HP reported Wednesday its first jump in year-over-year quarterly revenue in three years. You would think that investors would be thrilled. But the stock didn’t soar in after-hours trading on Wednesday. It dropped a tiny bit.
Wall Street is wary 0f HP’s ongoing, extended layoffs. And analysts aren’t sure if this great quarter, driven by PC sales, isn’t a one-hit wonder.
To recap: HP bested analysts sales expectations by $US570 million, fuelled by 12% growth in HP’s PC business. It reported $US27.6 billion in revenue, up 1% over the year-ago quarter. Analysts were expecting $US27.01 billion in revenue, down by just under 1%.
“For the first time in three years, HP delivered year-over year, top-line revenue growth,” CEO Meg Whitman said on the quarterly conference call.
The company also matched the street’s non-GAAP EPS estimate of $US0.89, which excludes items that are supposed to be unusual such as layoffs and acquisitions. HP had guided a range of $US0.86 to $US0.90 per share.
Things get murkier when adding in those costs. With them, HP posted a GAAP profit per share of $US0.52 down 27% from the prior year, and far short of its guidance of $US0.59 to $US0.63.
Given that HP killed it in the revenue department, analysts wonder why the EPS wasn’t higher.
“This was another great quarter of cash flow but we’re not seeing the EPS upside that people are hoping for given higher revenue and greater restructuring savings,” Morgan Stanley’s Katy Huberty commented on the quarterly conference call.
The fact is, HP spent $US649 million in the quarter on its layoff. That compares to $US252 million spent last quarter and $US81 million in the year-ago quarter. Of all the costs bundled into its non-GAAP EPS, the costs of the layoffs was the biggest, by far.
Most of the time, a layoff is a rare enough situation for a company to exclude it when reporting non-GAAP profits. Non-GAAP profits are suppose to show you how the company is doing without the influence of some unusual event.
But people are noticing that HP’s layoff seems to be perpetual. The current one launched in 2012 and was supposed to be finished by the end of HP’s fiscal 2014 and cover 27,000 employees. Then HP expanded it to 29,000, then to 34,000, and then, in May, to 45,000 – 50,000, spilling into 2015. After that, who knows?
HP has been in a near-constant state of restructuring for years before that. Since 2008 when it bought EDS for $US13.9 billion (then-CEO Mark Hurd’s signature deal), HP has spent more than $US8 billion on restructuring charges.
In the current round, HP has trimmed 36,000 people from the company, CFO Cathie Lesjak said on Wednesday.

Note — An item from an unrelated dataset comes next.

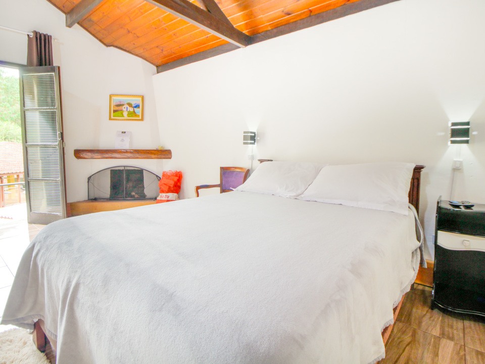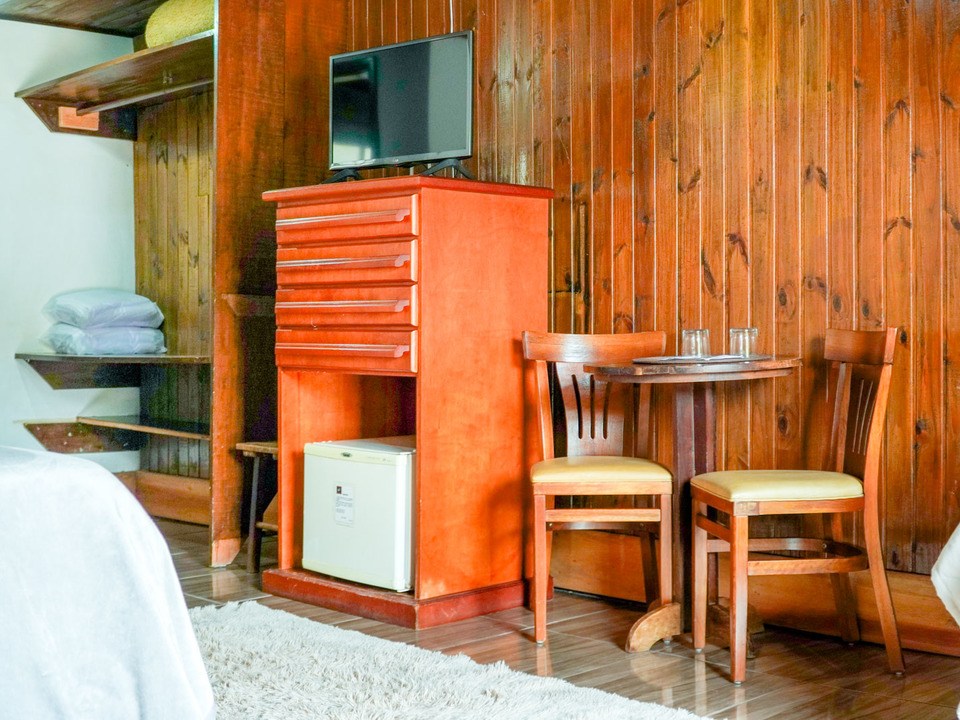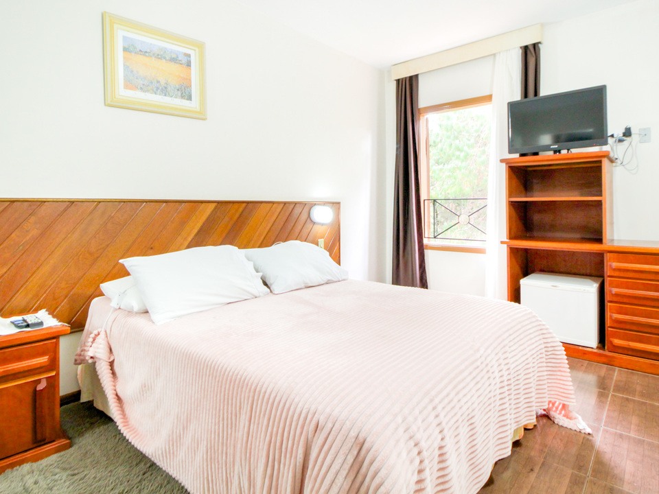 Acomoda até 2 pessoas. Cama de casal, vista para as montanhas, frigobar, Wi-Fi, Tv de Led com canais a cabo, guarda-roupa ou armários, mesa com cadeiras, enxoval completo, tomadas próximas a cama e chuveiro quente/frio (ducha à gás).
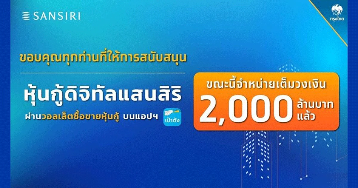 "หุ้นกู้ดิจิทัลแสนสิริ" สร้างประวัติศาสตร์หน้าใหม่ ประชาชนตอบรับจองซื้อผ่านแอปฯ "เป๋าตัง" ล้นหลาม กวาดยอดขายครบ 2,000 ล้านบาท ภายใน 3 นาที 38 วินาที ตอกย้ำความสำเร็จของความร่วมมือระหว่าง "แสนสิริ" และ "กรุงไทย" เปิดขายหุ้นกู้ภาคเอกชนออนไลน์เต็มรูปแบบผ่านวอลเล็ต เป็นอสังหาริมทรัพย์ "รายแรกในเอเชีย" ตอบโจทย์ผู้ลงทุนยุคใหม่ ซื้อขาย ขายง่ายได้ทันที 24 ชั่วโมง ให้คนไทยทุกคนเข้าถึงการลงทุนได้อย่างทั่วถึงและเท่าเทียม

It will trim another 5,000 next quarter, she says, and the remaining 4,000-9,000 employees in fiscal 2015.
And the company is still enormous, with over 325,000 employees worldwide.
In the meantime, Wall Street also isn’t yet banking on vibrant PCs business. HP’s Whitman is hoping the company can keep its PC segment growing by stealing away market share but she also noted that much of these sales came from businesses forced to upgrade their XP machines to newer Windows 7 or Windows 8. That rush for new PCs probably won’t continue.
Toni Sacconaghi, an analyst at Sanford C. Bernstein commented, “PCs grew at 12% but the rest of the company grew at minus 3% … given that 12% may not be sustainable, is it really realistic to think that revenue growth can remain stable over the next year or two?”
There is a silver lining. HP’s stock has gained back nearly all the value it lost during its most-troubled years. When Whitman took office in 2011, the stock was trading in the low $US20s. Now it’s at over $US35.